Tonicity and Water Potential

• Hypertonic solutions have a greater concentration of solutes and a lower water concentration and water potential.
• Hypotonic solutions have a lesser concentration of solutes.
• Water flows from hypotonic to hypertonic solutions until isotonic (equal water concentrations) is achieved.
• Water potential calculations predict water movement due to osmosis, pressure, surface tension, or gravity.

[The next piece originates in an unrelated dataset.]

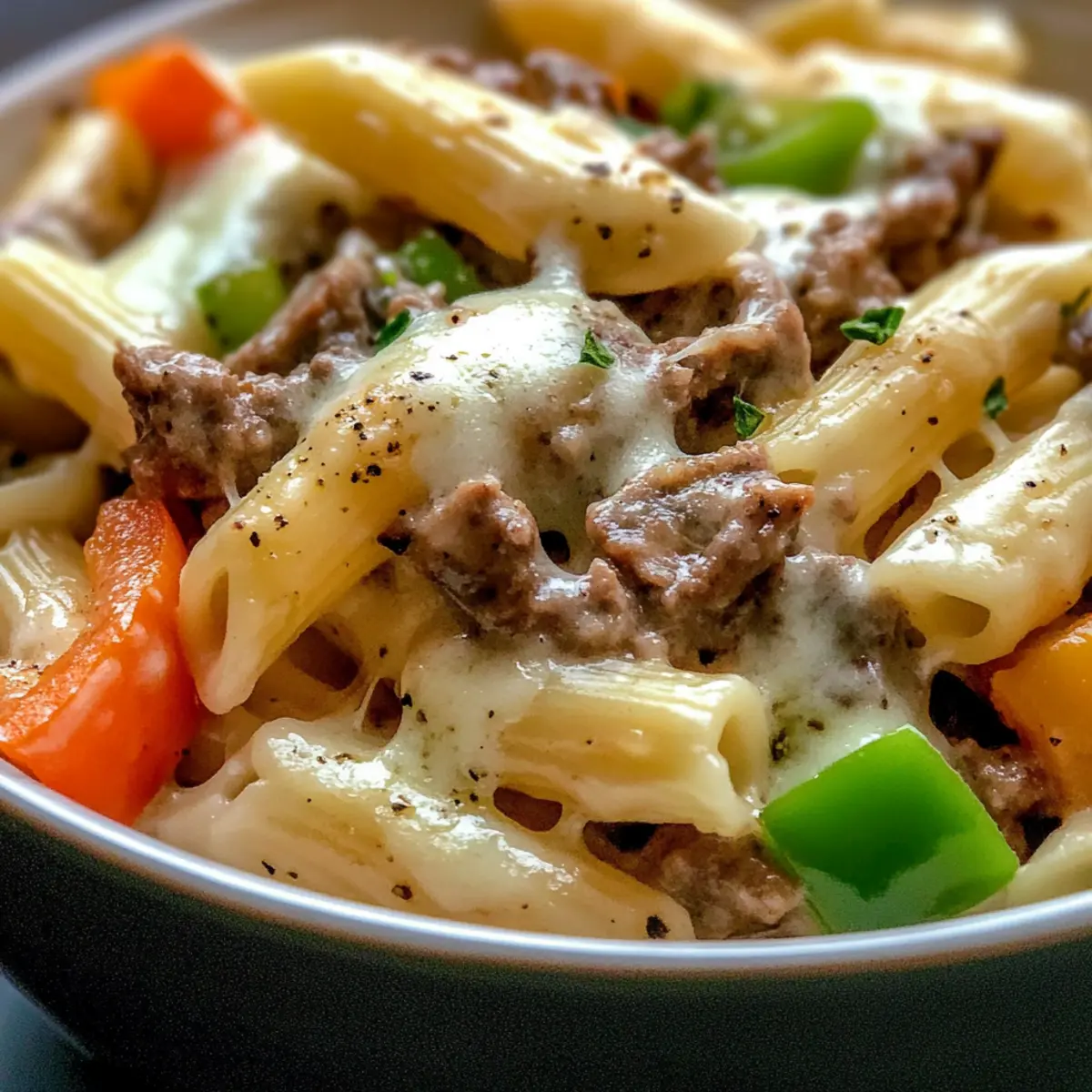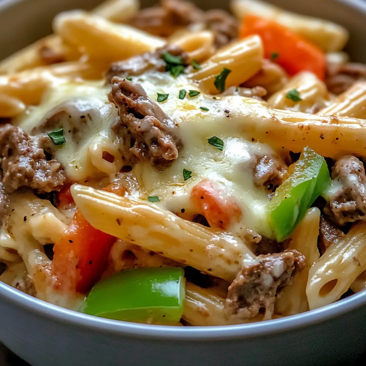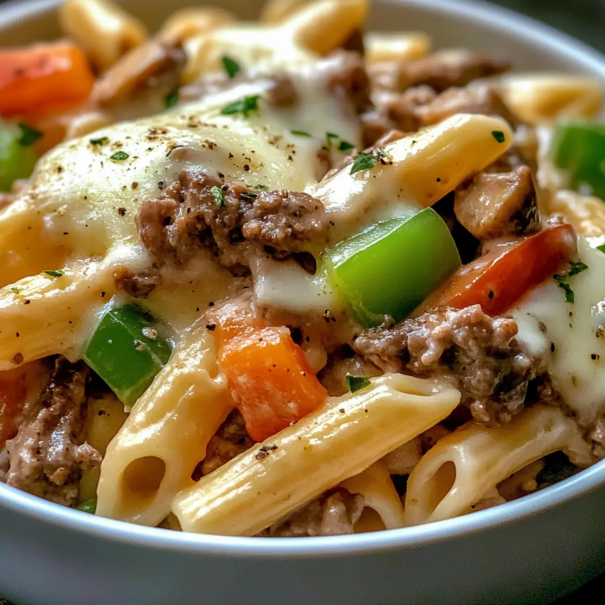 Jump to Recipe Print RecipeAs I was flipping through my old family recipes, a delightful memory sparked—a warm cheesesteak sandwich shared at our kitchen table, a hint of grilled onions and gooey cheese lingering in the air. Inspired by that timeless joy, I decided to transform that beloved classic into a scrumptious bowl of Philly Cheesesteak Pasta. This one-pan meal combines juicy ground beef, tender mushrooms, and colorful green peppers, all smothered in creamy provolone cheese alongside perfectly cooked penne. The best part? This hearty pasta dish can be whipped up in under 30 minutes, making it a fantastic option for busy weeknights or impromptu gatherings. Plus, its blend of flavors is sure to please even the pickiest eaters at your table. Curious about how to recreate this comforting classic in your own kitchen? Let’s dive in! Why is This Philly Cheesesteak Pasta Amazing? Comforting flavors: This dish brings the essence of a classic Philly cheesesteak right to your plate, melding rich beef and creamy cheese in every bite. One-pan simplicity: With just one skillet, cleanup is a breeze, making it perfect for those busy weeknights. Quick to prepare: In under 30 minutes, you can enjoy a hearty meal that rivals your favorite takeout. Family-friendly: It’s a hit with both kids and adults, ensuring no one leaves the table hungry. If you’re in the mood for something lighter afterward, try pairing it with a refreshing Lemon Arugula Pasta or enjoy it alongside some crispy garlic bread! Versatile options: Switch up the proteins or add more veggies for a personalized twist, making it adaptable for any palate. Philly Cheesesteak Pasta Ingredients Satisfy your cravings with these simple ingredients! For the Pasta Penne Pasta – This pasta shape holds the sauce beautifully; feel free to use rotini or rigatoni if you prefer. For the Filling Ground Beef – Provides rich flavor and protein; thinly sliced steak can be a delicious alternative. Mushrooms – Adds a savory, earthy touch; opt for white button or cremini mushrooms for the best flavor. Onion – Brings sweetness and depth; use one medium onion, chopped finely for even cooking. Green Bell Pepper – Offers a vibrant crunch; chop a medium pepper to brighten up the dish. For the Sauce Condensed French Onion Soup – Serves as a flavorful base; cream of mushroom soup can work well as a substitute. Worcestershire Sauce – Enhances the dish with its savory goodness. Cold Water – Necessary for mixing with cornstarch to help thicken your sauce. Cornstarch – Provides the perfect thickening agent for your creamy sauce. For the Cheesy Topping Provolone and Mozzarella Cheese – Melts beautifully and adds that creamy texture; try swapping for cheddar for a unique flavor twist. For Seasoning Kosher Salt – Essential for enhancing flavors; adjust it according to your taste preferences. Freshly Ground Black Pepper – Adds warmth and seasoning, ensuring a well-rounded dish. Now that you’re equipped with these delightful ingredients for your Philly Cheesesteak Pasta, you’re one step closer to bringing that comforting goodness to your table! Step‑by‑Step Instructions for Philly Cheesesteak Pasta Step 1: Preheat Oven Start by preheating your oven to 375°F (190°C). This ensures it’s ready when it’s time to bake your Philly Cheesesteak Pasta, allowing the cheese to melt beautifully and form that perfect golden crust on top. Step 2: Cook the Pasta In a large pot, bring salted water to a rolling boil, then add your penne pasta. Cook according to the package instructions until al dente, usually around 10-12 minutes. Once done, drain the pasta and set it aside, letting it rest while you prepare the flavorful filling. Step 3: Brown the Beef In a large ovenproof skillet over medium heat, brown the ground beef, stirring occasionally. This should take about 5-7 minutes, ensuring it’s cooked through. As it cooks, the beef should be nicely browned, offering a rich flavor base for your Philly Cheesesteak Pasta. Step 4: Add Vegetables When the beef is mostly browned, add chopped mushrooms, onion, and green bell pepper to the skillet. Continue cooking for 5-6 minutes until the veggies are tender and the onions are translucent, bringing out their natural sweetness and adding depth to the dish. Step 5: Mix in Sauce Ingredients Lower the heat to medium-low and stir in the condensed French onion soup and Worcestershire sauce. Mix thoroughly and let it simmer for about 2-3 minutes. The sauce will begin to blend with the beef and veggies, creating a deliciously rich flavor profile for your pasta dish. Step 6: Thicken the Sauce In a small bowl, whisk together cold water and cornstarch until smooth. Pour this mixture into the skillet and stir well. Allow it to simmer for an additional 5 minutes until the sauce thickens and coats the meat and vegetables nicely, creating the perfect base for your pasta. Step 7: Combine with Pasta Add the drained penne pasta to the skillet, stirring gently to ensure every piece is coated in that creamy sauce. This should take about 2 minutes. The Philly Cheesesteak Pasta is starting to come together, bursting with flavor and texture—time to prepare it for the cheese topping! Step 8: Add Cheese and Bake Sprinkle a generous amount of shredded provolone and mozzarella cheese over the top of the pasta mixture. Transfer the skillet to the preheated oven and bake for about 15 minutes, or until the cheese is melted and slightly browned, creating a delightfully crispy topping. Step 9: Serve and Enjoy Once baked, carefully remove the skillet from the oven. Allow it to sit for a minute before serving. Your creamy Philly Cheesesteak Pasta is now ready to be enjoyed, a heartwarming meal that brings the classic flavors right to your table! Make Ahead Options These Philly Cheesesteak Pasta is ideal for meal prep, allowing you to enjoy a hearty meal without the last-minute rush! You can prepare the filling (ground beef, vegetable

Cell Specialization and Types of Cells

• Cells can become highly specialized and combine to form tissues, organs, and organ systems.
• Prokaryotes are smaller, evolved earlier, lack a nucleus and membrane-bound organelles, and have circular DNA.
• Eukaryotes are larger, evolved later, have a nucleus and membrane-bound organelles, and have linear DNA.
• Cell types that have ribosomes, DNA, cytoplasm and a plasma membrane: Prokaryotes (bacteria and archaea) include protists, fungi, plants and animals.

Unit 2 Recap

• Cells make life possible and more efficient by separating processes and compartmentalizing functions with membranes.
• Organelles integrate seamlessly through the endomembrane system, while others stand alone, but all have unique structures and utilize a large surface area to volume ratio.
• Membrane chemistry controls the rate and exchange of materials by active and passive transport to maintain homeostasis.